Gingerly he felt his jaw, sore but unbroken. He wanted her, he wanted to feel her move under him and catch her soft sigh in his mouth as she surrendered to the heat and passion. But he also wanted to hear her laugh, see her smile and above all he wanted to talk to her.

‘Is there some reason why you are nursing me?’ he asked in case she decided to leave.

‘Instead of Mr Hook?’ Hattie leant forwards and tucked the bedclothes about his body. Impersonal, but intimate at the same time. Her round gown gaped slightly and he caught a glimpse of the shadowy hollow between her breasts.

He tore his mind away from such thoughts. Hattie nursed his broken body out of compassion and duty. The fact that he noticed her considerable assets showed him that death would have to find another victim. He’d recover. It was merely his blinding headache that bothered him.

‘If you like, Rupert could have done it.’

She laughed. ‘He appeared distinctly ill at the prospect of blood. I’d no wish to torture him.’

‘And Johnson, my valet?’

‘Your valet was no use. Last seen in the ale tent, according to Mr Hook, rather the worse for wear.’

Kit silently blessed Rupert’s quick thinking. If they had found Johnson, he would not be here. And despite everything, he was glad to be here. In this room. With Hattie. He valued her friendship. He groaned, remembering the taste of her mouth. He wanted to taste it again, particularly now.

At her look he said, ‘I gave him the day off. It is his to use as he pleases.’

‘You are a generous employer.’

‘I can afford to be. Johnson’s ability with boot polish and the starching of neckcloths is second to none.’ He watched her, waiting for the slightest hint of what she was thinking, if she was aware of him as he was of her. ‘No doubt he will turn up early in the morning with a suit of clothes. Johnson takes his job very seriously.’

‘It is good to know. I will leave a note for Mrs Hampstead so she isn’t surprised.’

‘You still haven’t said. Why did you insist on bringing me here?’

‘You saved me from those drunken men and I’m determined you will be nursed with all care and attention.’ She dipped her head. ‘Too many people in my life have died who were not nursed properly. It was time to make sure it didn’t happen again.’

Her husband. It was painfully simple to guess who she wasn’t naming. Kit hated the twinge of jealousy he felt for Charles Wilkinson, the hero of Talavera. He had to be slipping. He prided himself on not caring about anyone’s past or who they had loved. It was only the present that interested him. Ever. Except Hattie’s past interfered with his present. She had the capacity for life.

He breathed in and his ribs ached.

‘Then I’m grateful,’ he said stiffly. ‘You mustn’t feel you should sit up with me. It will take more than a few knocks on my head to kill a reprobate like me.’

‘You always insist on painting yourself blacker than you are.’

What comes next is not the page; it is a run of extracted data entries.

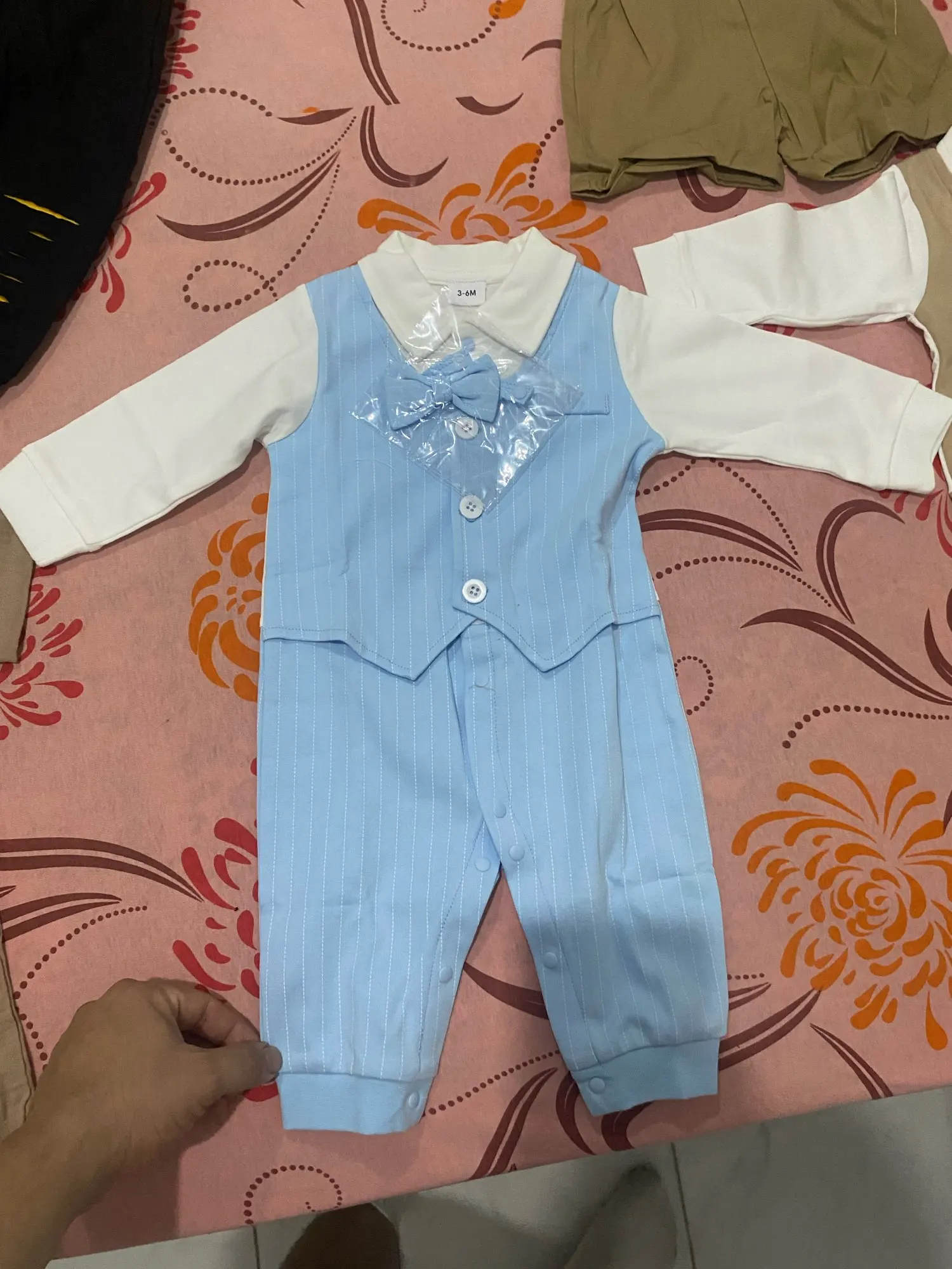 This baby boy jumpsuit features a charming design tailored for both casual outings and special occasions. With its elegant blue color, smart collar, and attached bow tie, your little gentleman will be ready for any adventure. Whether it’s a family gathering, birthday party, or a day out, this jumpsuit ensures he is always dressed to impress.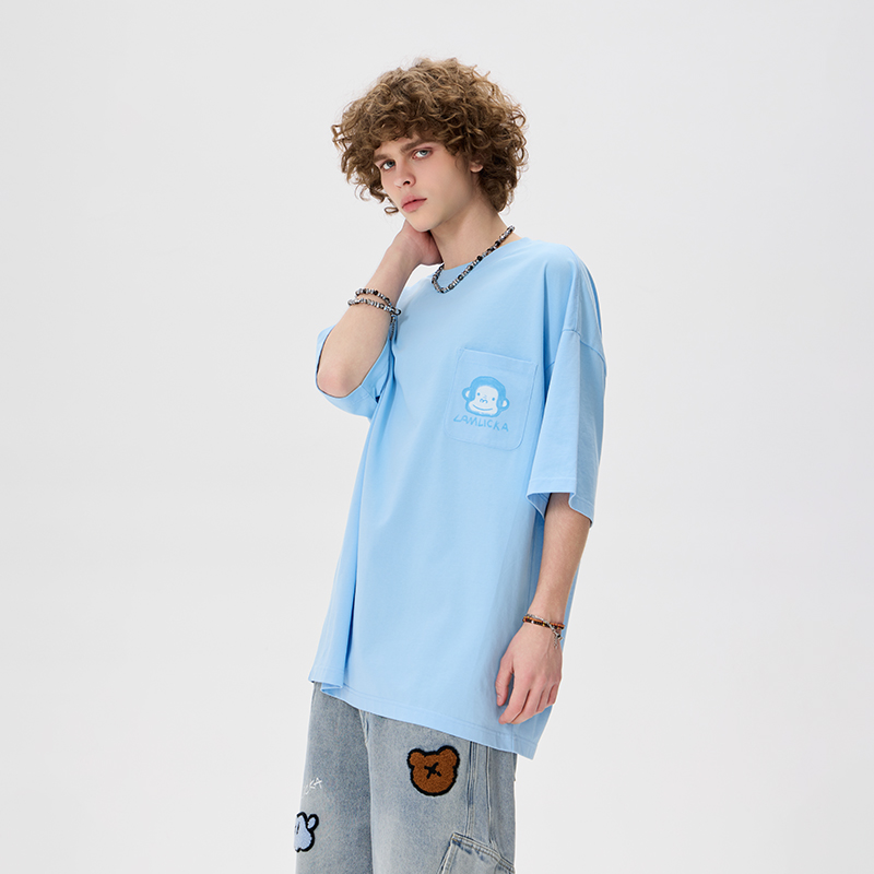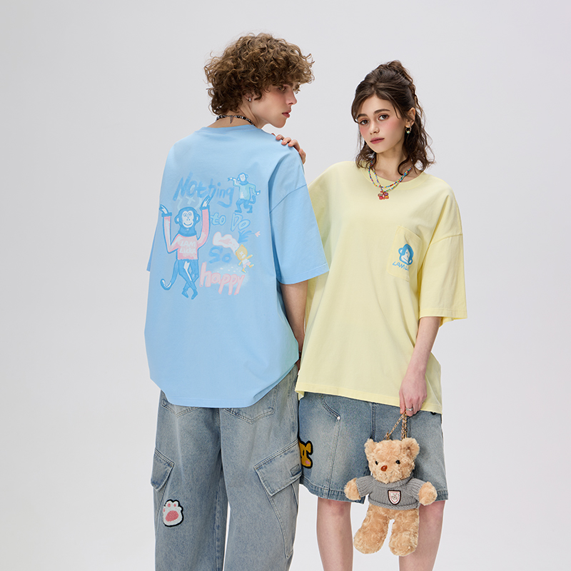 t恤 男重磅潮宽松多巴胺情侣装 LAMLICKA凉感抽象印花美式 圆领短袖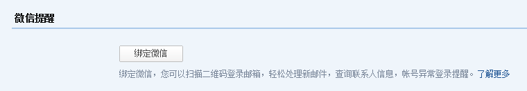 如果您開通了微信,可以點擊“綁定微信”啟用微信提醒服務。您收到郵件后會在微信上對您進行提醒,查詢同事通訊錄,日歷事項提醒等溫馨提示。打開微信“掃一掃”掃描二維碼,并在微信點擊確認綁定。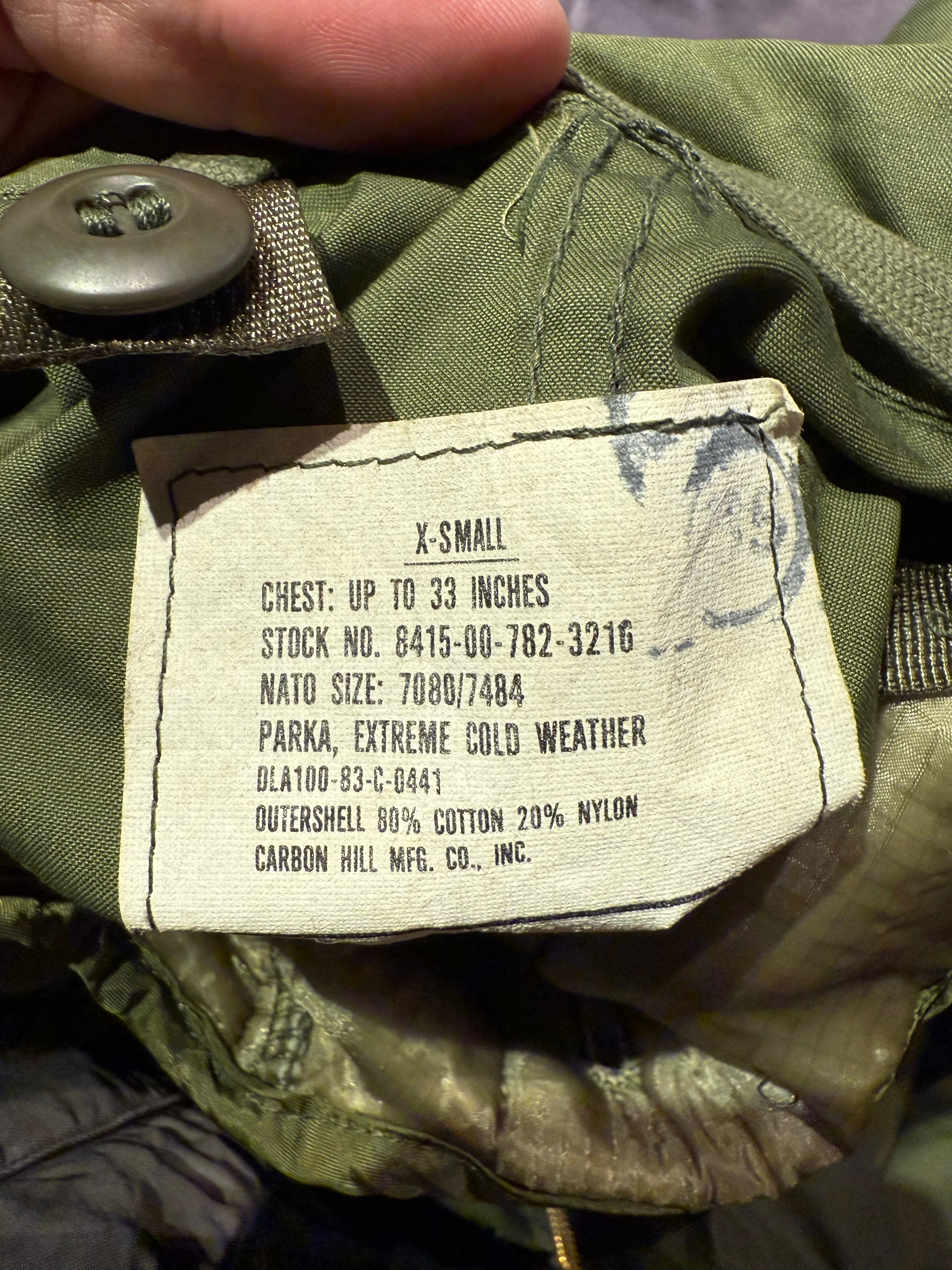 DEAD STOCK SIZE XS VINTAGE US ARMY M65 FISHTAIL COAT FULL SET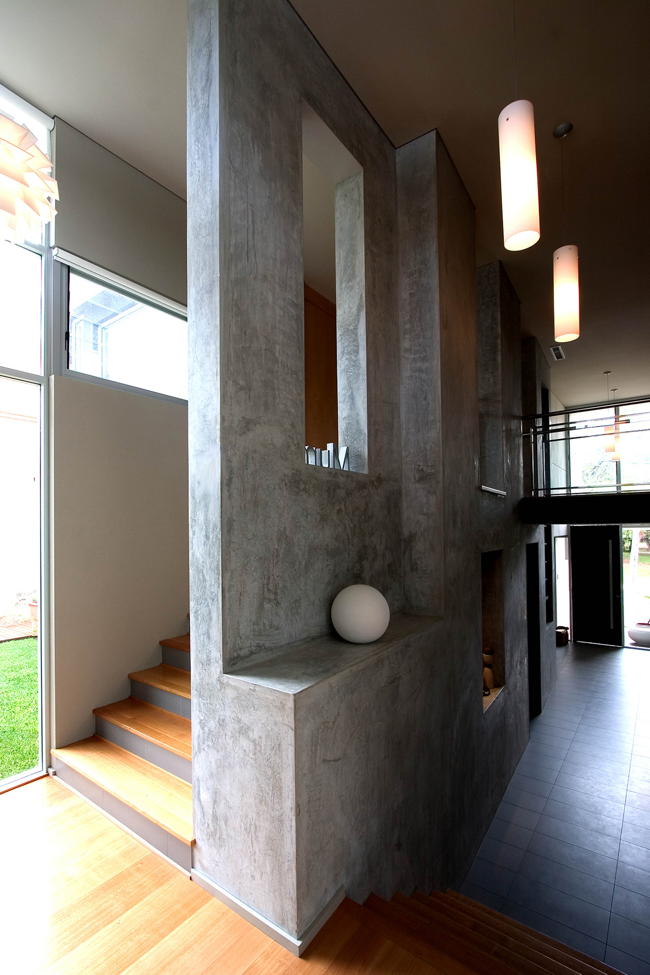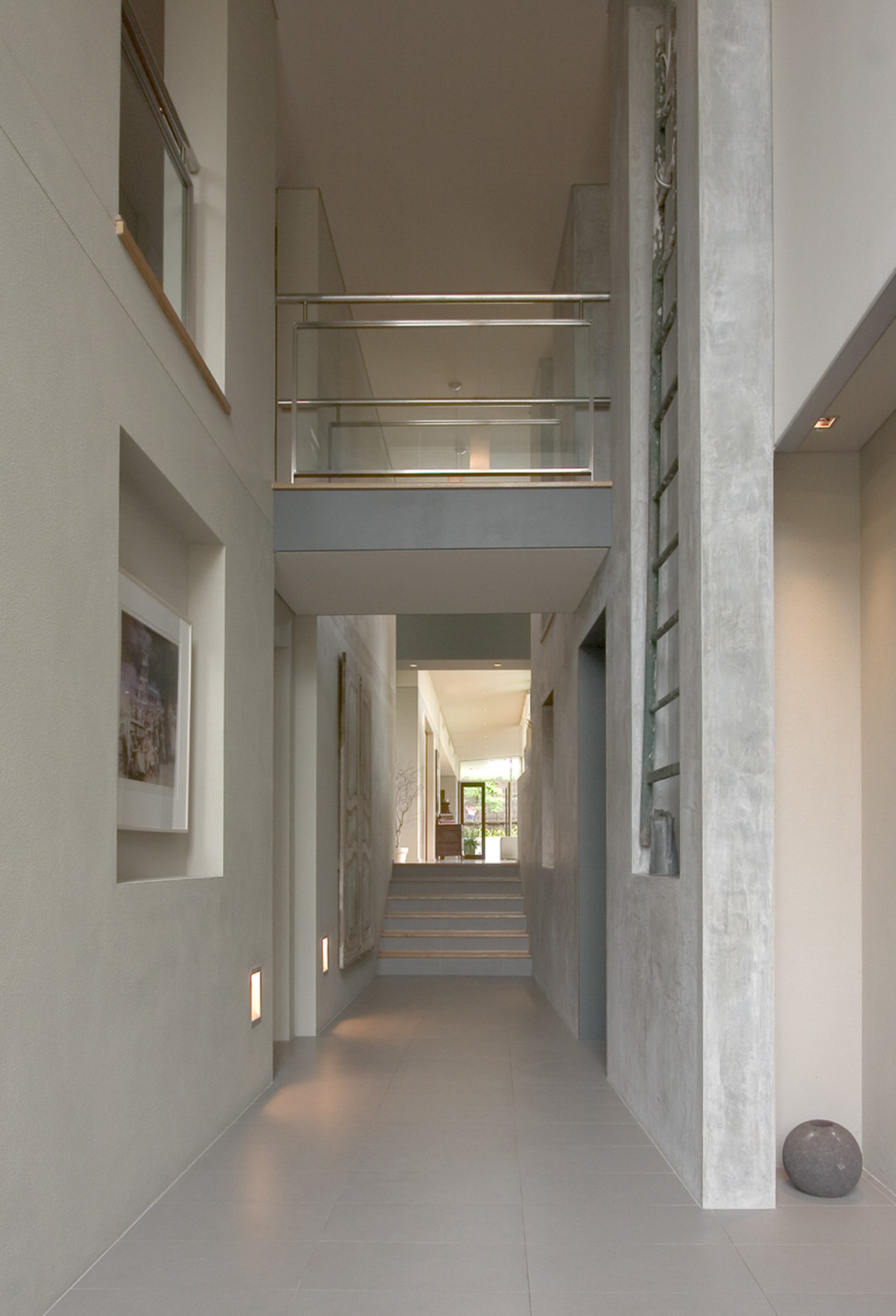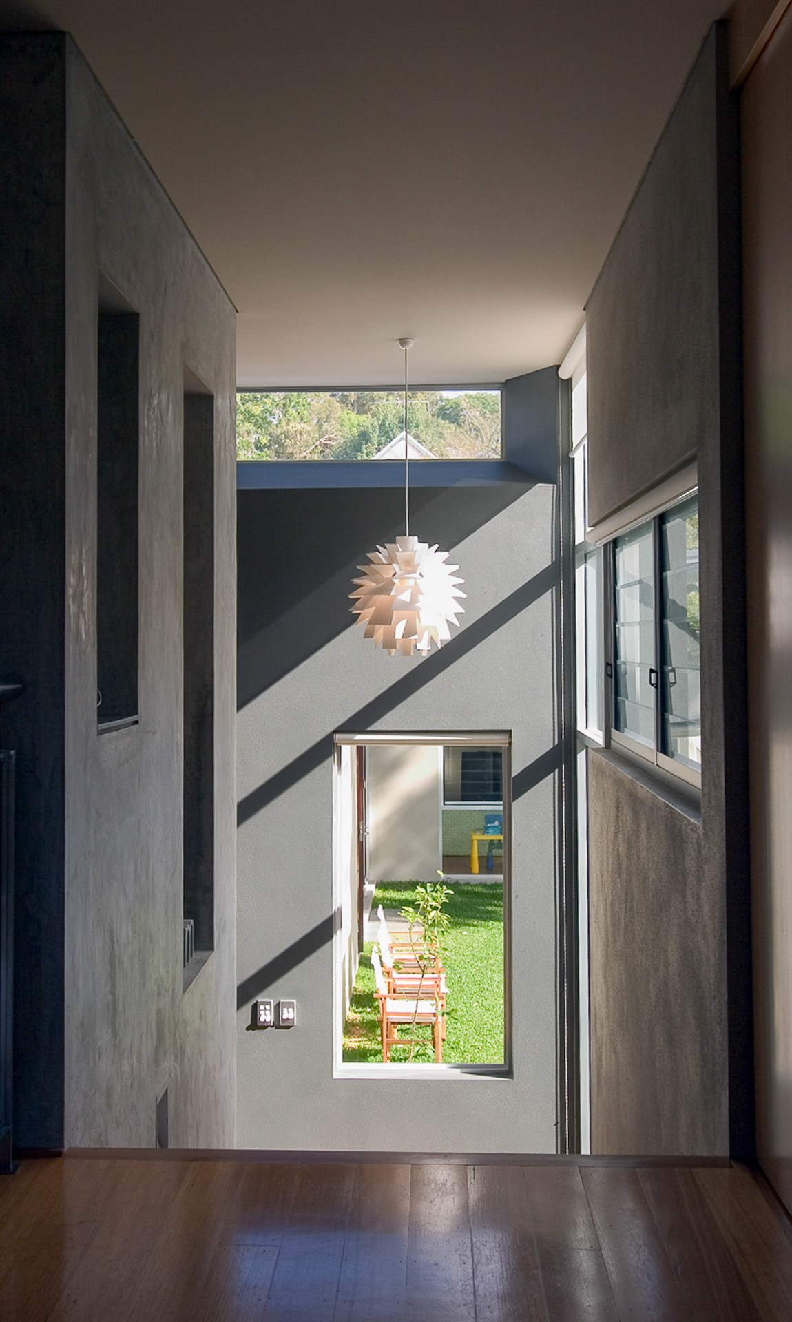 Nonetheless, our design proudly fronts the street in order to capitalise on the northern views to a park. Access to the house is across a timber bridge and through a wooden door which opens into a dramatic two-storey entry void. The architecture is bold, yet sleek and refined, in keeping with the street front.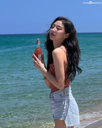 해변에서 꽃무늬 수영복 + 청핫팬츠 시원한 몸매 정예인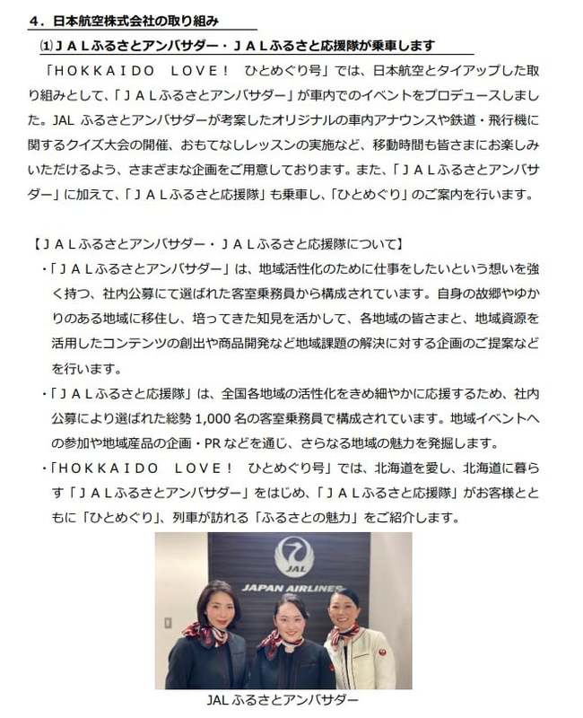 JR北海道が列車の運行を担当、日本航空からは「JALふるさとアンバサダー」「JALふるさと応援隊」が乗車し、御客様をおもてなし、そして、JTBが旅行商品を販売する、という3社連携も意欲的な試みです。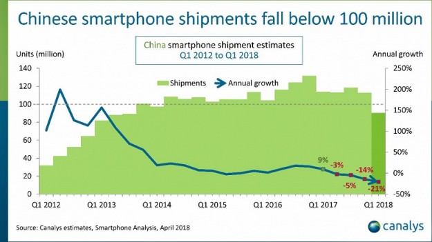 По подсчетам Canalys, китайский рынок смартфонов за год сократился на 21%Вслед за аналитиками Counterpoint свой отчет о ситуации на рынке смартфонов в Китае представили специалисты аналитической компании Canalys. Они согласны с коллегами в том, что китайский рынок смартфонов сократился в годовом выражении. Более того, если в Counterpoint оценивают сокращение в 8%, то эксперты Canalys говорят, что рынок уменьшился на 21%.
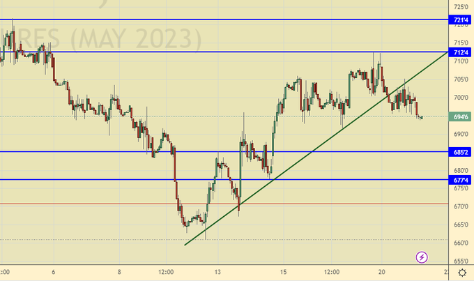 Продажа: нет. Кто в позиции от 700.0, перенесите стоп на 707.0. Цель: 600.0.

‘I will not have you thinking I am better.’

‘It was my fault that you were involved in the fight. I do pay my debts, Sir Christopher, and I owe you a great one.’

Kit watched how her slender fingers moved in the candlelight. She no longer wore a wedding ring. ‘I enjoyed the fight for the most part. It suited my mood.’

‘You enjoyed it?’ She blinked rapidly. ‘How could you enjoy something like that?’

Kit closed his eyes. It had felt good to work off his excess anger. He wanted to show her that he could do something for her and he had. The bruises and cuts were superficial. ‘There’s a certain amount of satisfaction in seeing someone get what they thoroughly deserve. He should never have done that.’

‘But you are hurt. You didn’t have to.’

‘What would you have used—your elbows?’ It was far harder to remember how Hattie looked, than to think about the way his hands and face hurt.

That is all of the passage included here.